Majorelle (2016-2019)

1009words, 5min read

Last entry in my series of blogs featuring earlier art projects of mine. Earlier post within this trip down memory lane include:

And today it is time to revisit my first art project ever: Majorelle.

My visit to Le Jardin Majorelle in 2016 started a three year journey through botanical photographs, drawings and paintings, patterns and fabrics, scarves and jewellery, cushions and stationery, and eventually bringing it all together in my Majorelle Universe at the Eindhoven Maker Faire in September 2019.

Le Jardin Majorelle

Last summer I analysed my earlier art projects and their significance within my personal and professional journey. This is what I wrote about Majorelle:

If you want to make a difference in the art world, you make sure you have an artist statement. At least, that’s what I read in the booklet “Navigating the Art World,” published by the prestigious Delphian Gallery in 2020, which has been awarded five stars by artists worldwide. In 2020, I really wanted to make a difference with my art, so I wrote an artist statement. The most important questions you answer in that statement are: What do you make and why? What I made was pretty clear from the start: abstract botanical drawings, collages, and paintings. And when I finally wanted to change that, my art teacher was very resolute: “If there’s ANYTHING clear in your art practice, then you accept it with gratitude; there’s already enough unclear.” Clear. Abstract botanical work, then. But why?

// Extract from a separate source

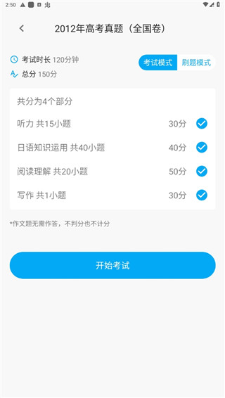 3、选择一份你需要练习的试卷,点击开始考试

Why, why, why. I think I’ve had twenty different artist statements in five years, with just as many different whys. And just as many convictions about why I couldn’t find my why. Was it because I was self-taught and missed a very important memo? Was it perhaps that I didn’t have a 1/3 Human Design profile (like all visual artists who create even remotely interesting work), but a 4/6? Was it my lack of engagement with a world that, after more than thirty years, was starting to tire me out? Just like the art world itself, incidentally, which led me to recalcitrantly post “My artist statement is that I don’t have an artist statement” on my website for a while?

Paintings

Now, five years later and in the midst of my “connecting the dots” period (thank God, finally in my 6-line!), my new artist statement from May 2025 made me want to revisit that question of why and not just settle for the first inspiration. In search of my why, I felt compelled to return to my very first series of paintings, the five Majorelles. Why did I want to paint them? What was it that had so captivated me there in that Majorelle garden that I wouldn’t let it go? What made me want to keep working on it and recreate it so I could continue to surround myself with it? What was it I didn’t know from my own life up until then, and why did I have to travel to Africa to discover it? The answer turned out to be: safety.

Patterns and fabrics

I still remember how I described it when I got home and couldn’t stop talking about Morocco, and especially about the Majorelle garden: “Relaxing yet energetic. Calming yet full of inspiration.” My mother told me to stop raving about Africa: “Stop it, you’re always talking about it!” Only now do I understand why she couldn’t stand it. A week in another culture, on another continent, among people whose language I didn’t speak, had given me something essential that she hadn’t been able to offer me for thirty years: a safe and regulated nervous system.

Although I couldn’t put it into words at the time, my body felt that it was something special, something not to be taken for granted, something to return to, something to keep finding. My fastest way back then turned out to be to transform the colours and botanical shapes that Africa had given me into paintings. To transform those paintings into fabric patterns and print them on everything I could find, thus surrounding myself with my own Majorelle Universe. Modelled by Yayoi Kusama with her polka-dot universe, I created a colourful world of my own in which I could immerse myself and unwind, observing myself without any danger. [Note: being yourself or articulating normal human needs within a narcissistic family system ALWAYS leads to degradation and ridicule—for a child that can be experienced as life-threatening, because if your parents reject you, who will look after you?]

Silk scarves and glass jewels

I kept going until I could decorate an entire booth in Majorelle style, as I did at the Eindhoven Maker Faire in 2019. Fabrics were transformed by the meter into curtains, dresses, pants and tops, silk scarves, canvas cushion covers, greeting cards, postcards, and, in collaboration with other creative entrepreneurs, rugs and jewelry.

Cushions and stationery

Why, why, why. Safety, safety, safety. Even before my brain understood what had been lacking in my life all those years, my body sensed it perfectly. Because the beautiful thing is: all healing (and growth) begins with safety. If you don’t feel safe, you can’t change behavior, discover patterns, or look at yourself without judgment. So I kept talking about that visit to Africa, and now I understand why. My life changed there in more ways than one. I already understood things there in 2016 that I can only put into words and put into perspective now, almost ten years later. Back then, I wrote: Africa gives me back my body. That was truer than I could ever have imagined.

Majorelle Universe

Hope you enjoyed this series of blogs featuring earlier series of works. Next year I will add a blog about my art project Jungle Dreams (finished in 2025) and one featuring my newest body of work Botaniska, which I’m still working on as we speak.